To do:
Within the listing below, the lines to output run from the one containing "Идея как сделать" through the one containing "在事发地点附近,一条灰褐色的"; copy them exactly and nothing else.

Data supplied:

--*--

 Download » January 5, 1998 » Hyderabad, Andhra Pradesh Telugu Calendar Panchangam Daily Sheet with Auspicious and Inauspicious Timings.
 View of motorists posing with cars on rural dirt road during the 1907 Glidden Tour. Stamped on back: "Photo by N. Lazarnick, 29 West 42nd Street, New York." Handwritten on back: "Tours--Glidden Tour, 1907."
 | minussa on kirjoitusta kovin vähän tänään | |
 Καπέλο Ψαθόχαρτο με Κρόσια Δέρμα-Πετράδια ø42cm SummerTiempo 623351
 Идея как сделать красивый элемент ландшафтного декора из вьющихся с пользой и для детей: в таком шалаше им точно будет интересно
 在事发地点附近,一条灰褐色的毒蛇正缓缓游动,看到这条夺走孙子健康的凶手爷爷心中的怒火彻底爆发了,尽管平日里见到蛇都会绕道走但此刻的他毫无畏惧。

--*--

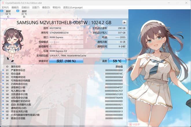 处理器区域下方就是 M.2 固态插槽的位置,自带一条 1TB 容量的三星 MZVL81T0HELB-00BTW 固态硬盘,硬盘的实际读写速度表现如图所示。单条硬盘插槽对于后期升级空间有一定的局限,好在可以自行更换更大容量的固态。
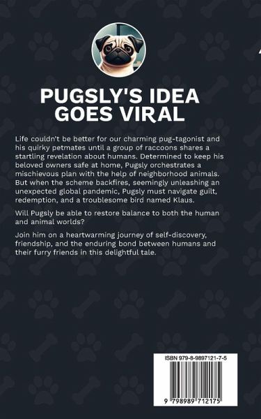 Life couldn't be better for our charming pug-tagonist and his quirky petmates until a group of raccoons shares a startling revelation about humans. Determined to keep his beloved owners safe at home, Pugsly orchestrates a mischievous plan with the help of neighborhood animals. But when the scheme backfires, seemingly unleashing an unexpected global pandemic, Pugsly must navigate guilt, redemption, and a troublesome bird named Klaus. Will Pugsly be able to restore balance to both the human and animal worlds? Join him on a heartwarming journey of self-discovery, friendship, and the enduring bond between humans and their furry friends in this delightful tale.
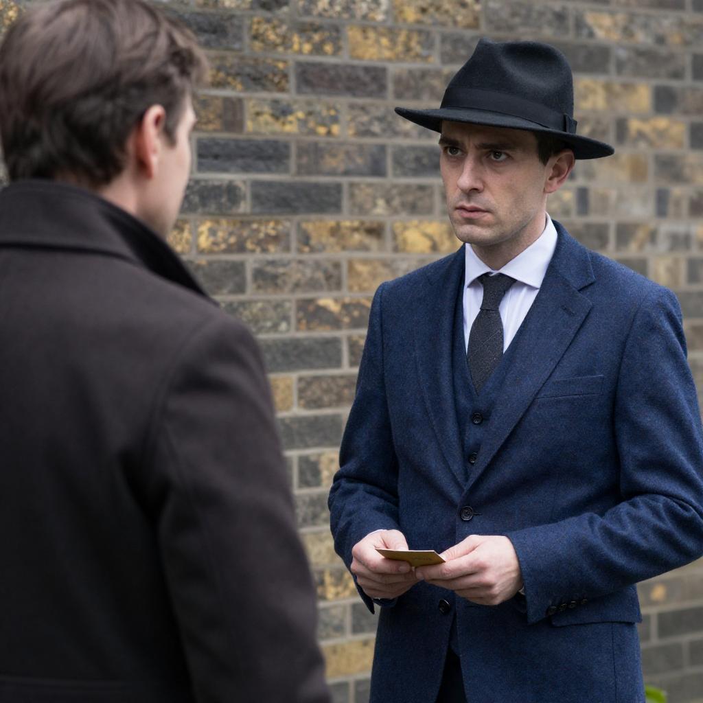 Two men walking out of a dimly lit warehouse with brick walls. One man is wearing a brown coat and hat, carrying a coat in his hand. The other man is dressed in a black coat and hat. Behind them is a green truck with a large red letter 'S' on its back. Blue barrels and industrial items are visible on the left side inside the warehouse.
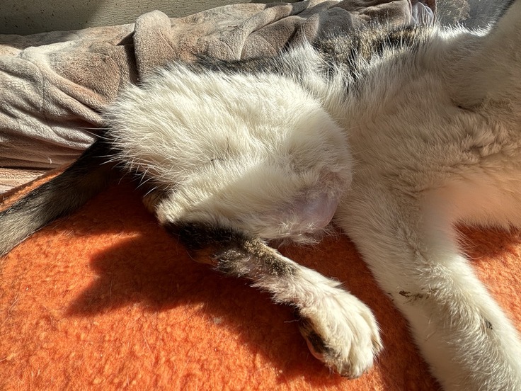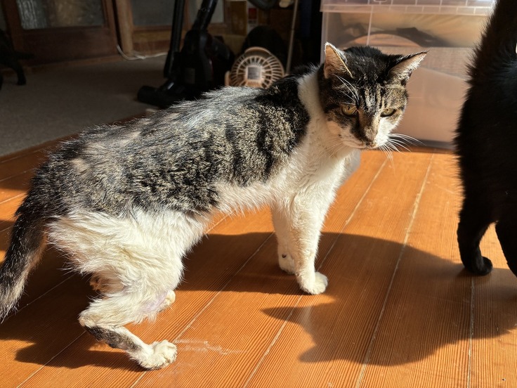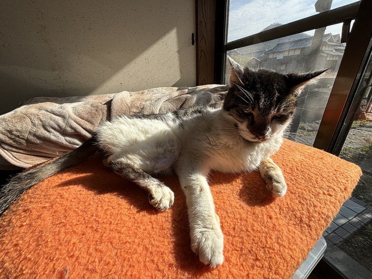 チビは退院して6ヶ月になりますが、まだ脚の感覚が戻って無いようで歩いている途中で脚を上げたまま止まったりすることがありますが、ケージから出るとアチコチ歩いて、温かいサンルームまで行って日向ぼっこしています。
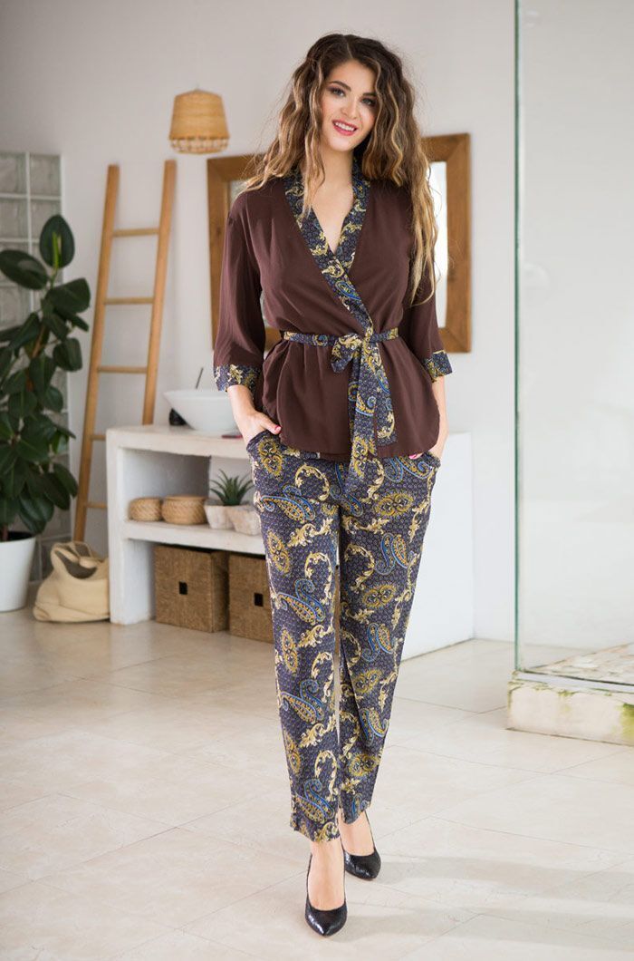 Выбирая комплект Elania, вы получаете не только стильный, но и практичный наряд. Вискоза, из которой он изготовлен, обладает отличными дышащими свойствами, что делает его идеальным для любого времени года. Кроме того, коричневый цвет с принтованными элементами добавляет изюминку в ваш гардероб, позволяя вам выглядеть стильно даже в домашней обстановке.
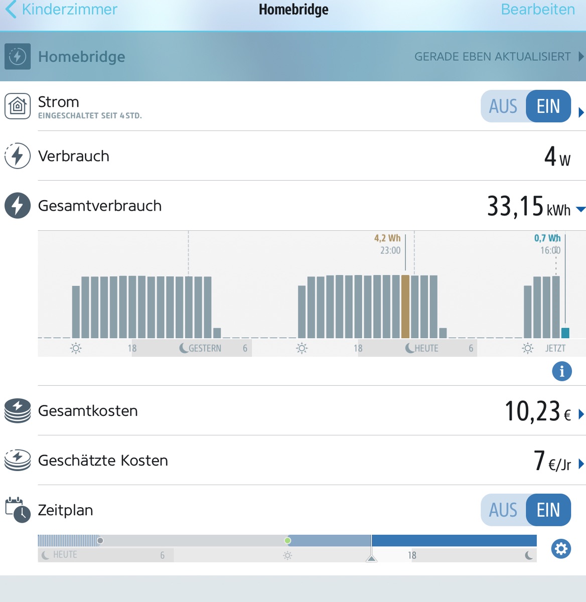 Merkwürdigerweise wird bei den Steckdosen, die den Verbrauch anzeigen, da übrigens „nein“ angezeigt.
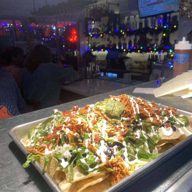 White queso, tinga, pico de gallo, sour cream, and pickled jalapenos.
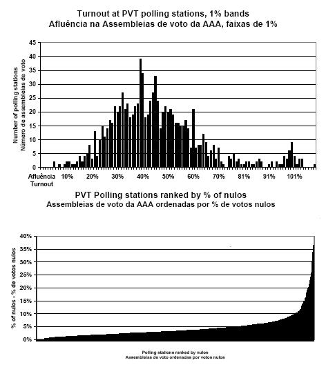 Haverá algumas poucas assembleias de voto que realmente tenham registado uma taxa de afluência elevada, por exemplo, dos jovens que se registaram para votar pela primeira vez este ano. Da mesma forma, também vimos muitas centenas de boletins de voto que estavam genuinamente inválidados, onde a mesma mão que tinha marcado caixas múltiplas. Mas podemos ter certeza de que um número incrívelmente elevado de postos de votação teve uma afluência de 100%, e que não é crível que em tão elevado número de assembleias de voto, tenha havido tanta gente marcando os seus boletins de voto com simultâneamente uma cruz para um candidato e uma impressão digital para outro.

--*--

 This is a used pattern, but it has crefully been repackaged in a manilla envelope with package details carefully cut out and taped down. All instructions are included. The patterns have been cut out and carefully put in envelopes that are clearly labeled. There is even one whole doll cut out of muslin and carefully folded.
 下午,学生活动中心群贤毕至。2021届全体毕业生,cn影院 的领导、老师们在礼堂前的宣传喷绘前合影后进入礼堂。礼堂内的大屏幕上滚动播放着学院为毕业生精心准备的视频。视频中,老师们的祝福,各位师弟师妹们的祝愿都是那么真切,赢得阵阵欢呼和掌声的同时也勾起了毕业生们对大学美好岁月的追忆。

--*--

Exercise solution:
 Идея как сделать красивый элемент ландшафтного декора из вьющихся с пользой и для детей: в таком шалаше им точно будет интересно
 在事发地点附近,一条灰褐色的毒蛇正缓缓游动,看到这条夺走孙子健康的凶手爷爷心中的怒火彻底爆发了,尽管平日里见到蛇都会绕道走但此刻的他毫无畏惧。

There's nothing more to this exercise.